_Records drawn from a dataset_
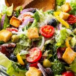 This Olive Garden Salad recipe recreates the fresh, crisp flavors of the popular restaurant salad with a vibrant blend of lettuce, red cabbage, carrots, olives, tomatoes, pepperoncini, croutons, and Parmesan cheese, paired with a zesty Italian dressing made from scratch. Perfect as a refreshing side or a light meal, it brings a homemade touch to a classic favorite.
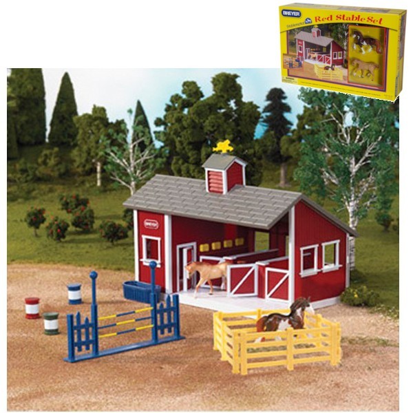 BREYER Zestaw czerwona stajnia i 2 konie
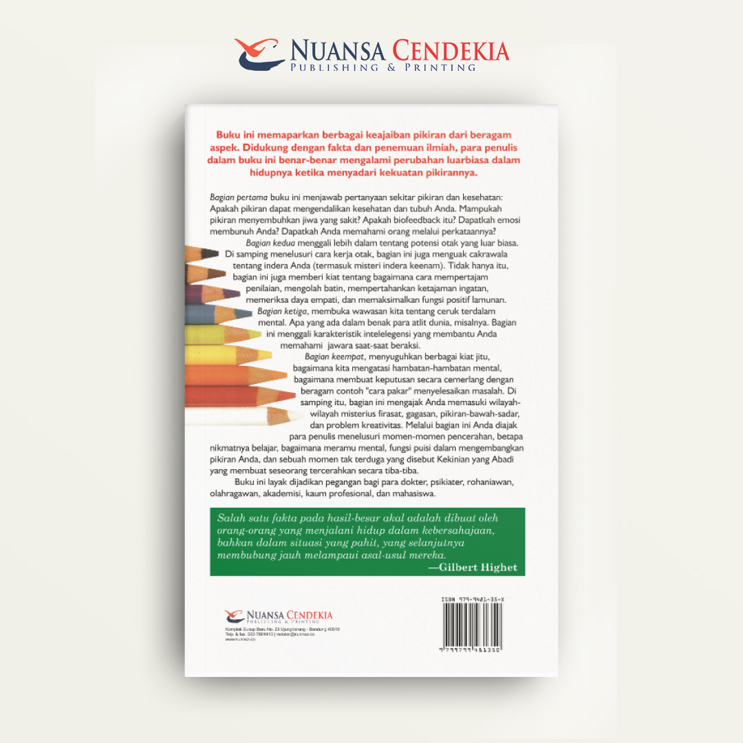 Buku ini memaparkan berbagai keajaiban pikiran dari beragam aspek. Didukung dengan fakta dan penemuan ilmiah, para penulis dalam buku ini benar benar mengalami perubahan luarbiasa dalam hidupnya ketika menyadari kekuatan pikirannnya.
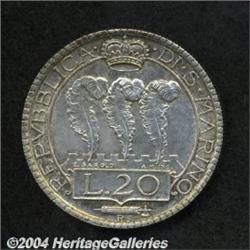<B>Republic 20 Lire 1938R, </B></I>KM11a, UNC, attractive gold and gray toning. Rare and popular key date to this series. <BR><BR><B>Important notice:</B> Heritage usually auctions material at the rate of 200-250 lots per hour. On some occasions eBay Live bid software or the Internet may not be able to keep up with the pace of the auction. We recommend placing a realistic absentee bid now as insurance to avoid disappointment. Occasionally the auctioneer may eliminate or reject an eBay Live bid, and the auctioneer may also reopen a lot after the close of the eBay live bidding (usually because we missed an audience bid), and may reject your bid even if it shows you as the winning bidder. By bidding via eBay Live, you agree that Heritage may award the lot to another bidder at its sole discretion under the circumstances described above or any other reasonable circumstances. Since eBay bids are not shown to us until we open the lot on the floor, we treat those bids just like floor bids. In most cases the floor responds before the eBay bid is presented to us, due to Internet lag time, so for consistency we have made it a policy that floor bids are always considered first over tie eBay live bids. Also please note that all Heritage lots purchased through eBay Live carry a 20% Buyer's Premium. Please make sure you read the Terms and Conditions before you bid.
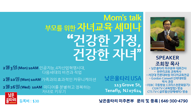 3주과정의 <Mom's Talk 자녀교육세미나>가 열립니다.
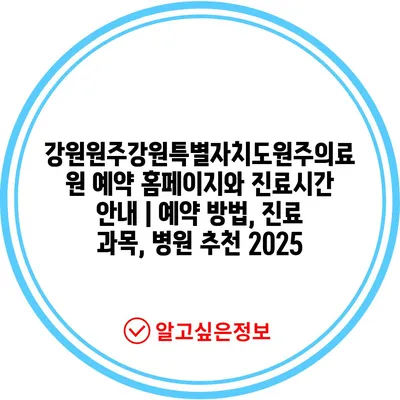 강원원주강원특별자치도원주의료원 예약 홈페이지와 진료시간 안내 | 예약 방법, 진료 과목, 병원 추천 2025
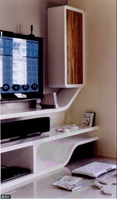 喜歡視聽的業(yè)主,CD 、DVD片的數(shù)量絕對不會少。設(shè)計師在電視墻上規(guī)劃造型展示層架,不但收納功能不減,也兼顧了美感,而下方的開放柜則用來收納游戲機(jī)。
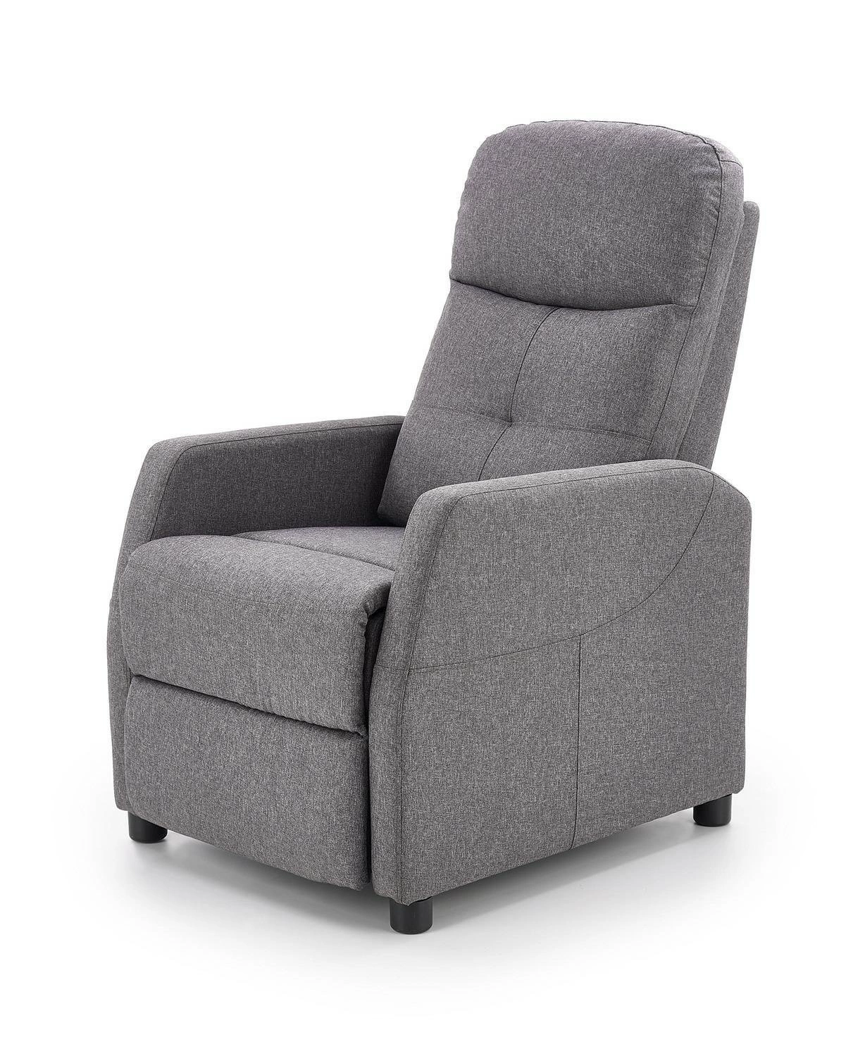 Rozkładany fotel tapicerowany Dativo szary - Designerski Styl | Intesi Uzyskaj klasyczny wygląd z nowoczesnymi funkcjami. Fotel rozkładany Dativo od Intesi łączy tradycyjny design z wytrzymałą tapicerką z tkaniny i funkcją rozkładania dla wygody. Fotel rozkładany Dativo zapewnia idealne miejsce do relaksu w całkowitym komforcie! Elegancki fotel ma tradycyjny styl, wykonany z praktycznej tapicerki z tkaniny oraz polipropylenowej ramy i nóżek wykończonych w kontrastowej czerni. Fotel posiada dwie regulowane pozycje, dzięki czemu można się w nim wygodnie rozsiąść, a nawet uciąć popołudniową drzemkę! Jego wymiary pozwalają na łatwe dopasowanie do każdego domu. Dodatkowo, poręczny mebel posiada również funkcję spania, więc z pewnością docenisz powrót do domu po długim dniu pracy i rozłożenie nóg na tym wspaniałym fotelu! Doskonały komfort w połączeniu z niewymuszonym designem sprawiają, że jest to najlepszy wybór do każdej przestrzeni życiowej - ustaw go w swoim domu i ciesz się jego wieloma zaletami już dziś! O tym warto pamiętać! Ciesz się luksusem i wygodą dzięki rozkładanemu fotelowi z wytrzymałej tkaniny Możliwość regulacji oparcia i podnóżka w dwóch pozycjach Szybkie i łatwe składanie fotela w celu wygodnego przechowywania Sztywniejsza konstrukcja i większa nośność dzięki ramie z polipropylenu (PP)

_TASK ITEM_
Copy only the part of the records that runs from the first line to the line with "BREYER Zestaw czerwona stajnia i 2 konie", ends included, leaving pictures out.

_RESULT OF THE EXERCISE_
 This Olive Garden Salad recipe recreates the fresh, crisp flavors of the popular restaurant salad with a vibrant blend of lettuce, red cabbage, carrots, olives, tomatoes, pepperoncini, croutons, and Parmesan cheese, paired with a zesty Italian dressing made from scratch. Perfect as a refreshing side or a light meal, it brings a homemade touch to a classic favorite.
 BREYER Zestaw czerwona stajnia i 2 konie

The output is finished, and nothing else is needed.